WORK TO COMPLETE.
Below are some entries. Repeat exactly the lines from the one with "Canadian airmen at" through the one with "Figure 5. Acacia", and only those.

DATA FOR PROCESSING.
- Opening Delimiter -

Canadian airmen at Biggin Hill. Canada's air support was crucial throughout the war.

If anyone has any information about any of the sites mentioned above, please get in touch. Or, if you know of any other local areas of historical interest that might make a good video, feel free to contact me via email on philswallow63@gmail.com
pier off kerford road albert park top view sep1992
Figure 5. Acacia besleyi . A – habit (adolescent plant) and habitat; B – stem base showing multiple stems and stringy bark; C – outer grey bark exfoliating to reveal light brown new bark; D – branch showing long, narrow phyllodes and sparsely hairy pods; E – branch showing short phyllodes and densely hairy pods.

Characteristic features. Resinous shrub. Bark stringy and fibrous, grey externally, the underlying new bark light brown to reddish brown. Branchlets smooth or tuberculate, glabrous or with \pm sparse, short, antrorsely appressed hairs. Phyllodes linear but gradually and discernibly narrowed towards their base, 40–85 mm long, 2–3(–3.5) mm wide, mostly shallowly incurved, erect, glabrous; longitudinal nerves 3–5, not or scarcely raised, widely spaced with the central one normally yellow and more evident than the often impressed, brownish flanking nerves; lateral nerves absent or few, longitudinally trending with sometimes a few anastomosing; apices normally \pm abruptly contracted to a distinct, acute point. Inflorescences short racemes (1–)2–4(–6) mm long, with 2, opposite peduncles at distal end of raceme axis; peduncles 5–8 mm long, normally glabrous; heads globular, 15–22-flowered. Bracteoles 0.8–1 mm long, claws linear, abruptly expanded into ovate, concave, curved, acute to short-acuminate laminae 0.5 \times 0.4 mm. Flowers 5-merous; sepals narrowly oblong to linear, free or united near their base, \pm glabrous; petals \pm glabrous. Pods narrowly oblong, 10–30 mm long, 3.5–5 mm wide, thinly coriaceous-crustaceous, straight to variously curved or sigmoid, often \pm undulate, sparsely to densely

- Closing Delimiter -
- Opening Delimiter -

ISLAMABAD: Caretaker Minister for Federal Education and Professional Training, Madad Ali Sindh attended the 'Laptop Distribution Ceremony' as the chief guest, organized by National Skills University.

- Closing Delimiter -

RESULT OF THIS EXERCISE.
Canadian airmen at Biggin Hill. Canada's air support was crucial throughout the war.

If anyone has any information about any of the sites mentioned above, please get in touch. Or, if you know of any other local areas of historical interest that might make a good video, feel free to contact me via email on philswallow63@gmail.com
pier off kerford road albert park top view sep1992
Figure 5. Acacia besleyi . A – habit (adolescent plant) and habitat; B – stem base showing multiple stems and stringy bark; C – outer grey bark exfoliating to reveal light brown new bark; D – branch showing long, narrow phyllodes and sparsely hairy pods; E – branch showing short phyllodes and densely hairy pods.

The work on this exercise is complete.